Isaac’s Byre is thought to have been a bastle house (or fortified farmhouse), which was used during the time of the Border Reivers. It has been verified by archaeologists that Isaacs Byre is the earliest surviving house (c. C16th) to have been built in the small hamlet of Loaning Head. When inside it is possible to see the original doorway and fireplace (both now blocked off). You can find out more about bastle houses at Epiacum
The cottage was purchased by Rob and Judith-Ann in 1994, and they renovated it to the high quality eco-friendly cottage it is today. In 1994 it was a derelict building suitable only as a coal store and shed. The family obtained planning permission in 2002 to convert a farm building into a cottage.
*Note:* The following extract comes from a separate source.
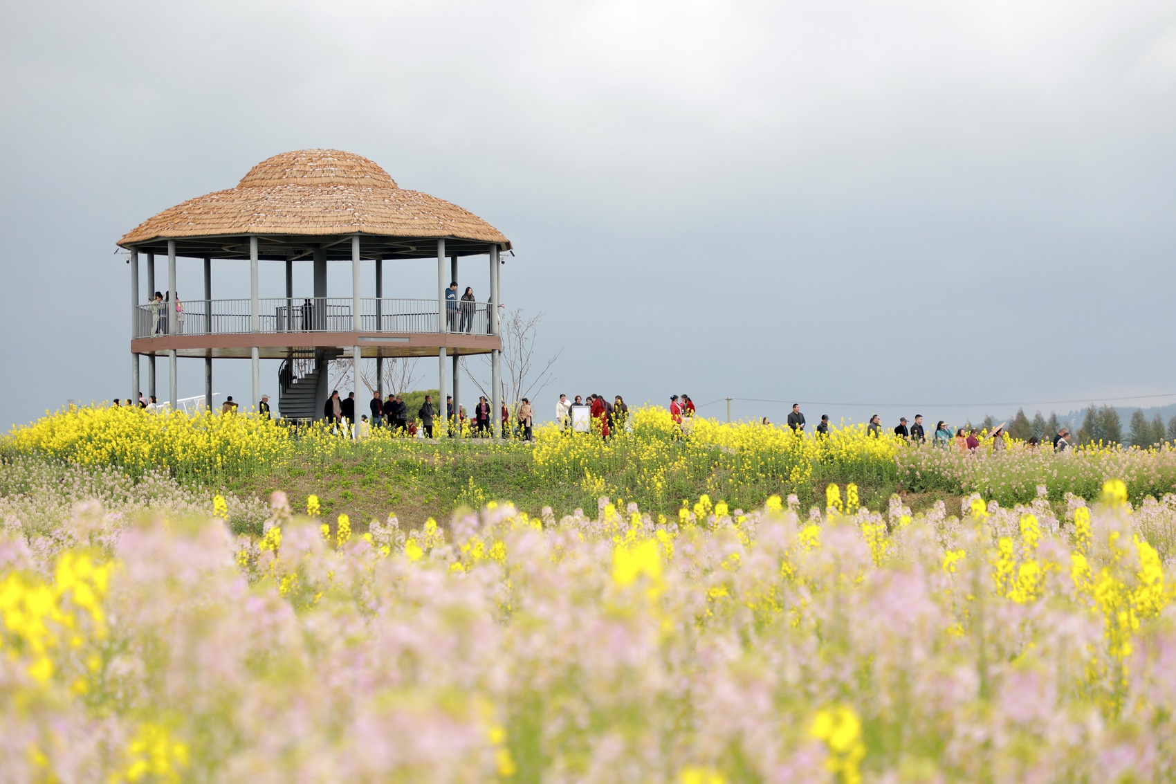 正安穹窿花田是本次活动最亮眼的风景线。金黄、浅黄、橙黄的油菜花层层叠叠,随风翻涌成金色波浪,宛如大自然绘就的巨型油画。景区游步道串联起多处观景打卡点,游客漫步花间,用镜头定格春日限定美景。“这里的花海又大又美,特意换上了汉服来拍照,出片效果超出预期!”身着汉服前来打卡的游客赵芯玉笑着分享道。

It was only after a visit from archaeologists that they discovered that it had originally been a dwelling.
The building was used by Isaac Lee before it was sold in 1970s to a family from the North East who converted the main house back into a dwelling but left the old byre as a store. Isaac farmed here for many years and used the byre as a milking parlour. The area that is now the open plan kitchen/living room was where the cows were milked and in Winter the cows were housed in the main part of the cottage. It was decided to name the cottage after Isaac Lee with the blessing of his daughter.
We have an old newspaper article which describes how the writer W.J. Palmer came across Loaning Head during his travels in 1882. It shows a drawing of how W.J. Palmer portrayed the interior of a cottage at Loaning Head. One of the cottages at Loaning Head was being sold by Hudson’s Agents for £21,500 which prompted the writing of the article.
We hope to have photographs showing the progress of the conversion of the byre back into living accommodation available on the website in the future.